The Chinese will treat Gods like they are alive, interacting with their statues; taking it to an opera or show. It would not be uncommon to see television sets dedicated to a God, set directly in front of his alter to watch. Gods are also incorporated into stories, plays, and contemporarily speaking, movies and television shows. Theatre, a popular form of entertainment, usually encompasses ancient stories about Chinese Gods- making theatre have its religious implications as well.
On top of this, the Chinese still practice the ritual of the spiritual medium. Spiritual Mediums, through the conduction of certain prayers and rituals, call upon a specific god. Once they complete the necessary rituals to become a medium, the God invoked will use the person’s body as a vessel to the material world. The spirit medium, while in a possessed trance typically will act, speak and think as the God would. A popular God invoked by the Chinese for his various powers is Ji Gong, also known as Crazy Ji.
Stated before, Crazy Ji was a God that evolved, with his persona transforming throughout the years. Over time, Daoji’s different perceived characteristics were brought to attention and emphasized by the public. Ji Gong has been noticed as a monk, drunkard, magician, healer, martial artist, champion of the poor, and moral exemplar. Crazy Ji can attribute much of his recognition and popularity to his over the top eccentric behavior, sincere kindness, and normalness. “Ji Gong is an ordinary person and most Taiwanese people are ordinary people too; therefore they like him” (Shahar 158).
Daoji’s various human-like attributes were relatable to the masses; people began to form cults over the kind mad monk.

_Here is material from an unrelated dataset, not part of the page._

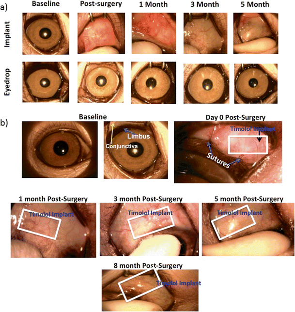 摘要:马来酸噻吗洛尔(TM)已使用多年,能降低青光眼患者眼内压(IOP)。然而,由于低生物利用度、高药物消耗和缺乏患者依从性,局部给药方式(滴眼剂)还远远不够理想。不达标的眼压控制会导致疾病进展,最终导致失明。我们开发了一个结膜下TM的缩微胶片,TM持续释放,使用可生物降解的弹性体(乳酸-己内酯)(PLC)。该共聚物具有生物相容性,具有柔韧性和机械特性,患者可接受的植入物。控制TM 3个月的释放是具有挑战性的,通过组合使用积层和混合的(乙二醇)(PEG)共聚物,我们能够研制出一种TM掺入的生物可降解薄膜,可在90天内递送TM的治疗剂量。在灵长类动物模型中进一步证实了这一数据,单次植入持续眼压降低5个月。有可接受的生物相容性和部分降解。关键词:生物可降解 聚合物 青光眼 持续释放简介:青光眼是一种进行性视神经病变,以视神经的特征性改变和视野丧失为特征。青光眼是一种与年龄有关的眼病,影响全球6050万人。根据世界卫生组织(WHO)的统计,青光眼是世界上第二大失明原因。虽然青光眼综合征的分类有正常的张力性青光眼(NTG)和高压(HTG)青光眼,眼压升高是青光眼的主要危险因素。如果不及时治疗,70%的疾病继续恶化。根据早期青光眼的治疗试验,眼压每降低1-mmHg,青光眼进展的风险降低了10%。应用最广泛的一种医疗方法是马来酸噻吗洛尔(TM)滴眼液。马来酸噻吗洛尔是一种β-肾上腺素能受体拮抗剂,通过减少房水的产生来降低眼压。除了卓越的眼压降低效果外,治疗结果的有效性是可变的,并且高度依赖于患者的依从性。最近的一项临床调查发现,近80%的被诊断为青光眼的患者在1年后停止使用眼药水,3年停止使用的人达到90%。而且,由于药物的生物利用度低,这种使用方式不是最优的,通过引流泪液角膜前区迅速消失。持续药物输送是克服药物低生物利用度和药物波动问题的最佳选择,有助于消除患者依从性问题。开发TM运载系统的努力一直在进行中,包括fornex插入,水凝胶隐形眼镜,纳米纤维和微球。此外,由于微球的粒径较大,载药量相对较低,每注射一次所需体积很可能是相当可观的。因此,迄今为止,没有可行的TM递送系统,这项工作的目标是开发一个系统,允许噻吗洛尔放置在结膜下持续和可控释放药物。TM每日给药两次。每日剂量约为250微克。通过滴眼液滴的生物利用度大约只有1-2%,表明有效日剂量为2.5~5μg/天。在这项工作中,我们评估了由马来酸噻吗洛尔(乳酸-己内酯)(PLC)和(乙二醇)(PEG)的共聚物,通过释放实现每日的目标剂量约2.5微克,连续3个月。这个微缩的结膜下植入术是微创手术,可被病人接受。我们认为这项研究是迄今为止最长的持续释放噻吗洛尔的报告日期,实现有针对性的每日剂量。为了验证体外、体内的可译性,植入在灵长类动物的眼结膜下长达5个月的时间显示是安全和有效的。研究结果表明,该系统提供了治疗青光眼的模式转变。材料和方法: 体外释放研究: 在37°C , 10×10毫米的薄膜在玻璃瓶中进行孵育,每个含有缓冲溶液3毫升. 采用反相高效液相色谱法分析TM和TB释放介质中的浓度. 聚合物的降解: 用质量和分子量的变化对聚合物的降解进行了表征。10×10毫米膜浸泡在缓冲溶液中(pH 7.4)和在37°C.培养。每周固定的时间点更换缓冲溶液,从缓冲液中取出一些薄膜,用去离子水漂洗,然后在37°C真空炉中干燥至少7天。用凝胶渗透色谱(GPC)配备折射率检测器,测量干燥样品的质量,然后进行分子量测定。所有样品在使用前,37℃用环氧乙烷灭菌24小时后植入入猴体内。动物模型:青光眼猴模型 肌内注射氯胺酮(20 mg/kg)和马来酸乙酰丙嗪(0.25毫克/公斤)对灵长类动物进行麻醉。在所有程序中监测他们的气道、呼吸和脉搏。一到两滴1%利多卡因作为局部麻醉来减少可能的不适,9只非人灵长类动物用于实验,随机分为两组:组1,高眼压猴(N = 6)单球结膜下植入4毫米×6毫米TM微缩胶片。组2,高眼压猴(n=3)双眼接受TM滴眼液,每日两次,连续28天。非人灵长类动物结膜下植入TM胶片:手术是在无菌条件下进行的。组1非人灵长类动物接受结膜下植入TM微缩胶片。简单地说,进行了有限的结膜剥离术,然后插入一个微型胶卷,在角膜缘后2 mm处缝合,并用两个10/0尼龙缝线固定。手术眼外用1%妥布霉素软膏连续5天。眼压监测与临床检查:为了进行眼压测量,使用氯胺酮,5毫克/千克,对非人灵长类动物进行麻醉。如上所述,应用表面麻醉。通过眼压计每周下午2-4点测量眼压,连续1个月,第二个月两周,第3个月,第4、5个月。每只猴大约需要5分钟。手术前所有动物每日测量一次基线眼压,连续三天。测量6-8次,取平均眼压。临床检查:非人类灵长类动物被麻醉,在注射或局部用药后,每天对眼睛进行视觉检查,以观察注射部位的结膜红肿、发炎或感染迹象。在注射前和之后每周使用裂隙灯显微镜检查前房和后房。监视猴任何重大变化如眯眼,或异常行为表明疼痛或严重不适。结果:青光眼和高眼压症患者局部应用噻吗洛尔是降低眼压最常见的治疗选择。局部使用医用眼药水效果不佳,而且药物消耗量很高,不能持续多个小时。因此,对于慢性病患者,病人依从性差是一个重大挑战。控制释放:提高TM亲脂性,从而维持其释放时间;PLC与PEG共聚物的混合,可减少突发效应和持续释放,特别是高载药量。使用夹层膜,即三层膜,在中间加入药物层以减少破裂和持续释放。体内评价

In the transmission of Ji Gong he was not only thought to be a reincarnate of an arhat by Buddhists, but also recognized as a deity in Taoism too. In both these religions, famous eccentrics existed before Crazy Ji (Shahar 43). Being as likable as Ji Gong was to the average Chinese citizen, oral literary tradition passed Crazy Ji stories around the country; turning the character from a local cult to a national icon/deity.

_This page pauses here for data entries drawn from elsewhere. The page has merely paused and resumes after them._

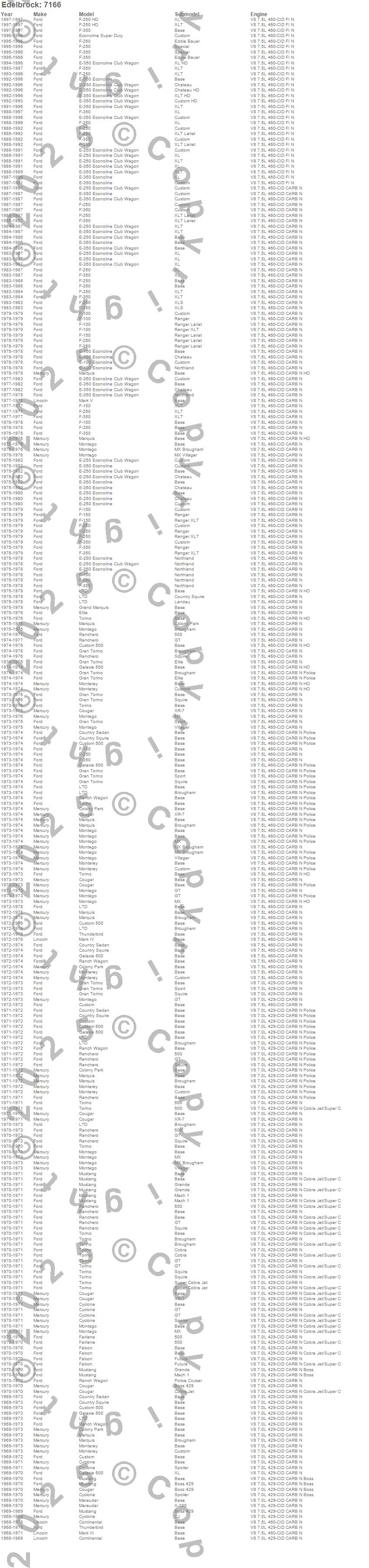 Below is an abreviated list of applications for the Performer RPM 460 Intake Manifold.
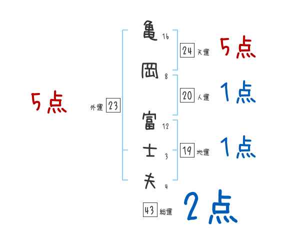 亀岡富士夫さんの画数の鑑定結果
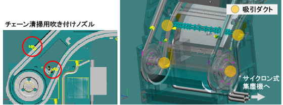 - パウダースプレー装置設置箇所の両側から吸引ダクトを設置します。
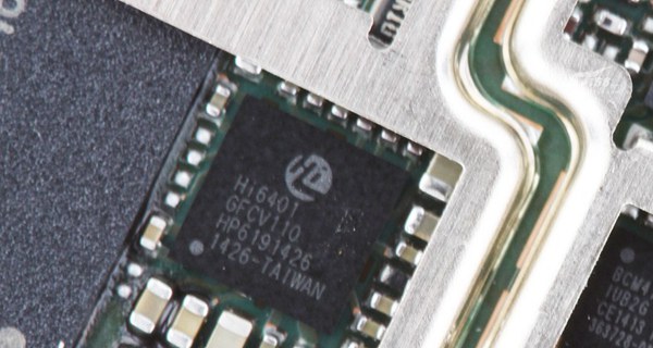 图为华为自家海思Hi6401音频解码芯片特写,配给麒麟925八核处理器内置的Tensilica HIFI3 DSP一同使用。
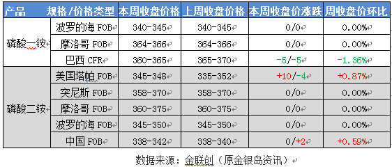本周国际磷酸一铵、磷酸二铵市场周度收盘价格对比
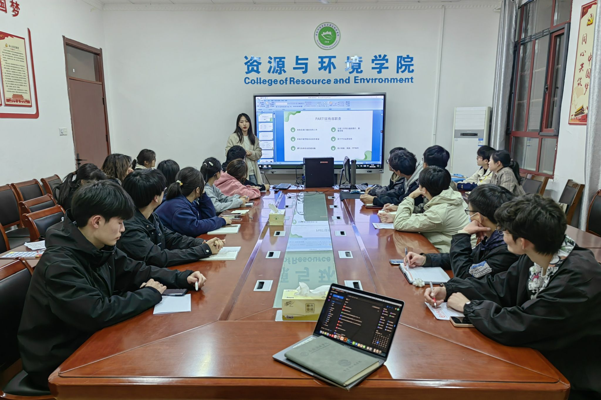 为进一步提高学院学生干部队伍新媒体综合业务能力,更好发挥新媒体的宣传、推广作用,增强新媒体整体凝聚力,3月20日,资源与环境学院于东办公楼216召开学生干部新媒体素养提升培训会。资源与环境学院辅导员王华雪老师为学院宣传部和易班工作站做专题培训。

Crazy Ji, a popular God utilized by spirit mediums, is utilized to provide aid in an array of things from gambling to healing to fighting. The many forms of Ji Gong (eccentric, martial artist, miracle worker etc ) justify the use of this god in sprit mediums. The Boxer clan called upon Crazy Ji, because of his superior skills in the martial arts, to protect them in battle. Gamblers thought “the carefree Ji Gong did not mind blessing his devotees with that exra little luck needed” (Shahar 181). Spirit writers used by gamblers would invoke Ji’s spirit and ask him what the winningnumbers were going to be.
Chinese popular religion in all senses is a religion of the people- pluralistic, worldly and pragmatic. This intimate religion, which is seemingly defined by its participants, is a melting pot of the three major Chinese religions; Confucianism, Buddhism, and Taoism.
Popular religion of China has no boundaries. Within popular religion, we can see aspects of Confucian standards of social conduct, Buddhist structures of reincarnation, and Tao methods of ritual renewal (Overmyer 1). Interestingly, when analyzing one of China’s most popular deities, Crazy Ji, we a Confucian’s morals (as seen in his reverence for filial piety), a Buddhist’s sense of karmic retribution, and a Taoist’s ability in the magical arts. People, at their own will, through mass followings, can deify anyone. Chinese culture enshrouds itself in its popular religion with numerous festivals, daily rituals, and observance of deities of whom they have an interactive relationship with.